The Heddon Lures.

On the banks of Rivers, Canals, Lakes, Reservoirs, Streams and all the great Oceans in the world you will find Lure fishermen. Pitting their wits against the fish, trying to out smart them and get them on to the bank. Today there are many makes and types of lure, but the Heddon lures certainly would of inspired many of the company’s of today.

The heddon lure called the Crazy Crawler
The Heddon Crazy Crawler.

Have you ever wondered how the artificial fishing lure of today came to be?  You are not alone. Many people can’t help being fascinated about the effectiveness an artificial lure brings to fishing. But it wasn’t always that fun to fish for sport.

From Bee keeper to business man.

In the late nineteenth century, a man named James Heddon started experimenting with artificial lures for fishing. He was inspired to make an artificial lure while waiting for his friend at a place called Old Mill Pond. After casting a piece of wood he was playing with into the pond, the wood got snapped up by a bass in the water, and so he started thinking about making one.

Before he began making artificial fishing lures, James Heddon was an apiculturist. A year after the incident at the pond, James Heddon was making lures by hand from his kitchen. His first lure was called Dowagiac Casting Lure.

He went on to establish the Heddon Lure company in 1902. By 1910, the company collaborated with a Canadian supply company for the distribution of its lures and also opened a factory in the town of Dowagiac. A year later in 1911, James Heddon died, but his sons kept the company afloat.

Onwards and upwards for Heddons sons.

Under the management of Heddon’s sons Will and Charles, the company expanded to become a leader in the fishing lure industry. The company continued to grow, and it was reported to be producing 12000 fish lures in 1950. Apart from fishing lures, the company was also providing general fishing equipment like reels and rods.

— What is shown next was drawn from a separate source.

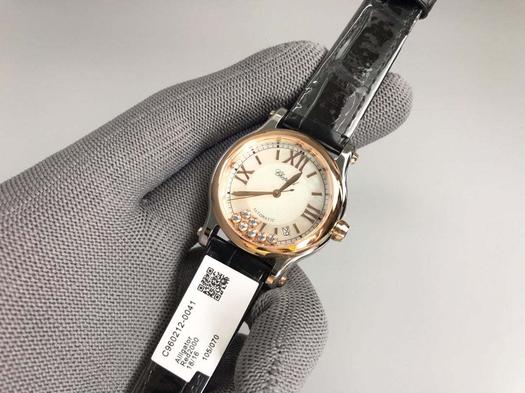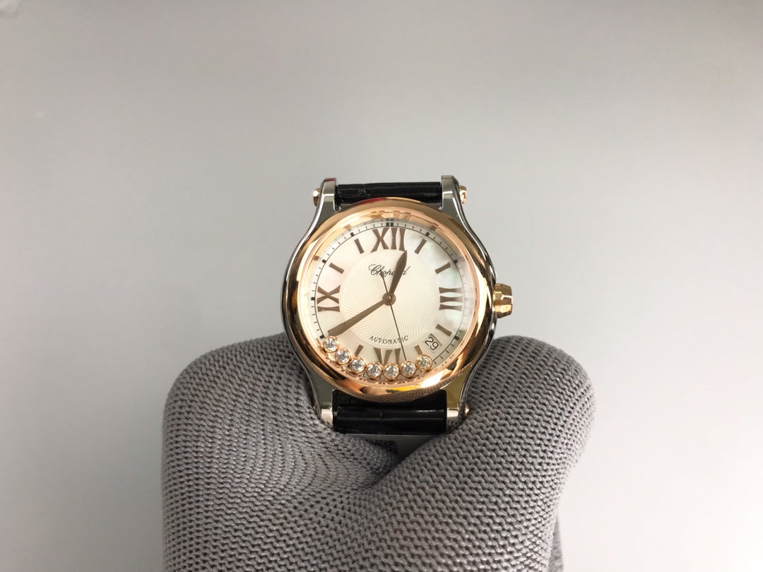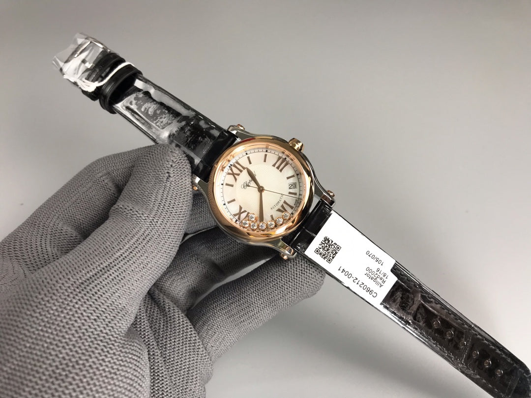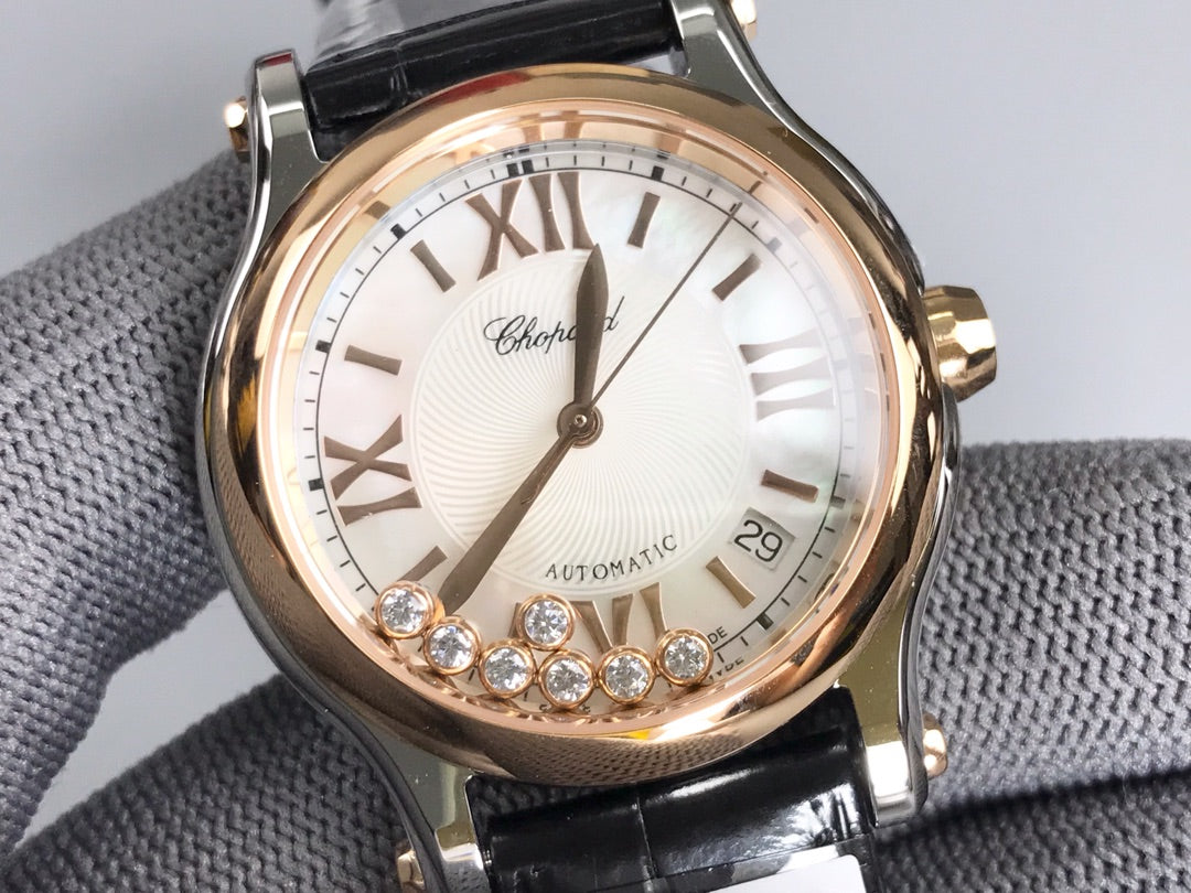 Happy Diamond Pink 36mm Pink Gold White Dial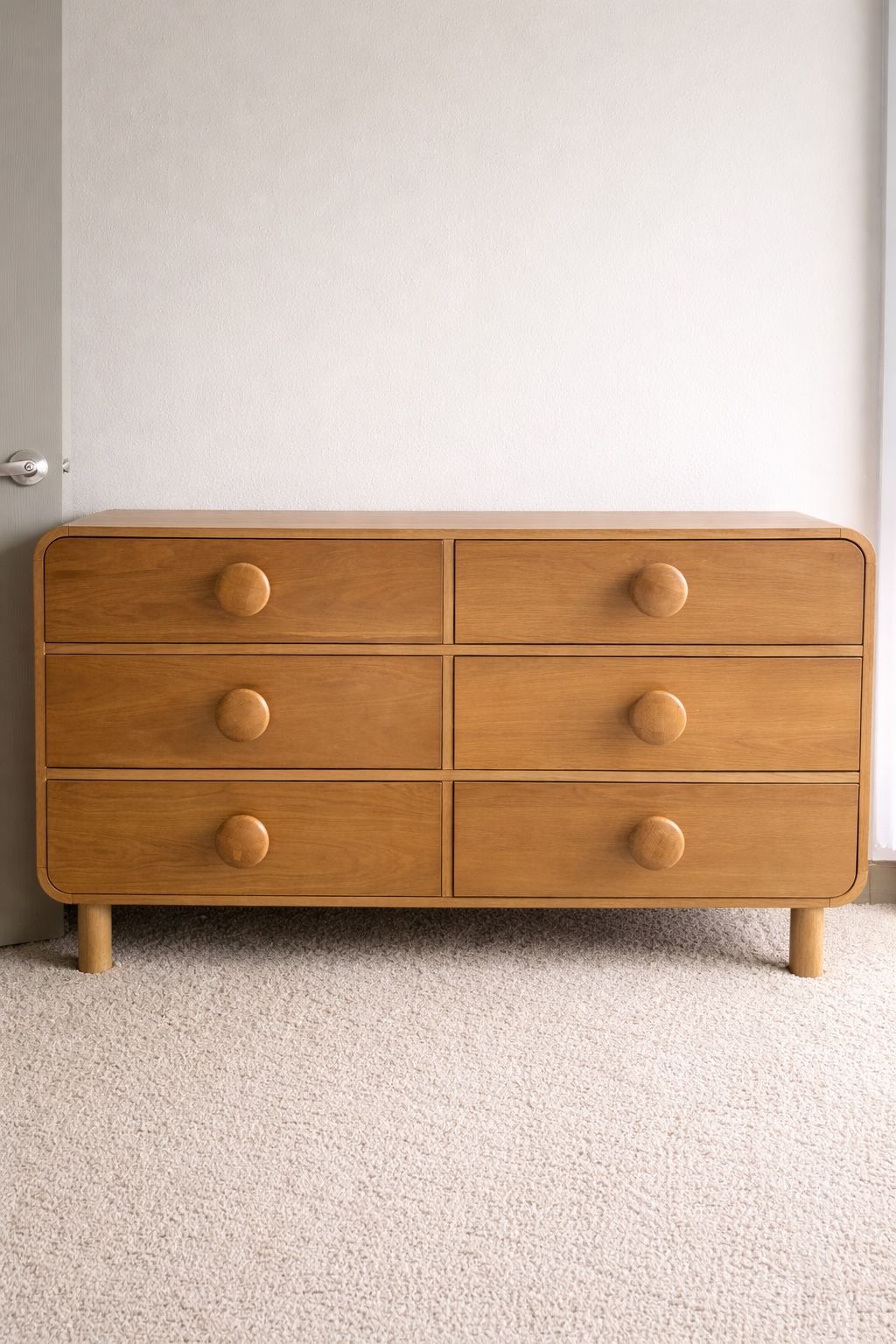This solid wood dresser by Urban Outfitters features a clean, modern design with six spacious drawers and smooth rounded handles. Crafted from natural wood, it offers both durability and timeless style for any bedroom or living space. PICK UP ONLY

One of the Heddon lures called The Threadfin shad.
Modern day Heddon lure, the Threadfin Shad.

The Heddon Brothers sold their business to the Murchinson family in 1955. The sale was due to heavy competition the company was facing from its competition in the fishing lure industry. After changing hands from different buyers over the years, the company was eventually bought by EBSCO. EBSCO continues to trade the company’s lures with the original names they had since inception.

The Heddon Lures company started putting great details into the design of its lures in 1910. The Dowagiac Casting Bait was the first lure the company sold in commercial quantity. Some of the favourite lures the company has released over the years include the River Runt, Heddon Dowagiac Killer, and the Dowagiac Wooden Minnow.

The company also released the Wiggle King Lure in 1918, attached with three killer hooks to increase its hold on the fish. The Wilder-Dilg lure was named after two famous fishermen who were great lovers of angling.

Click on the images to see more Heddon Lures.

All these lures were crafted ingeniously, and their appeal to antique lure collectors over the years has not waned. Many a collector will be so happy to get hold of these rare lures. Having one at the end of your reel can take you back to the early twentieth century when the first artificial lures were first hand crafted by a beekeeper who built an industry out of an incident that happened while waiting beside a pond.

The Heddon lure called the Super spook.
A Heddon Super Spook.

So, whenever you feel that tug at the end of your line when using an artificial lure, be it an antique or a modern version, remember it was the vision of James Heddon.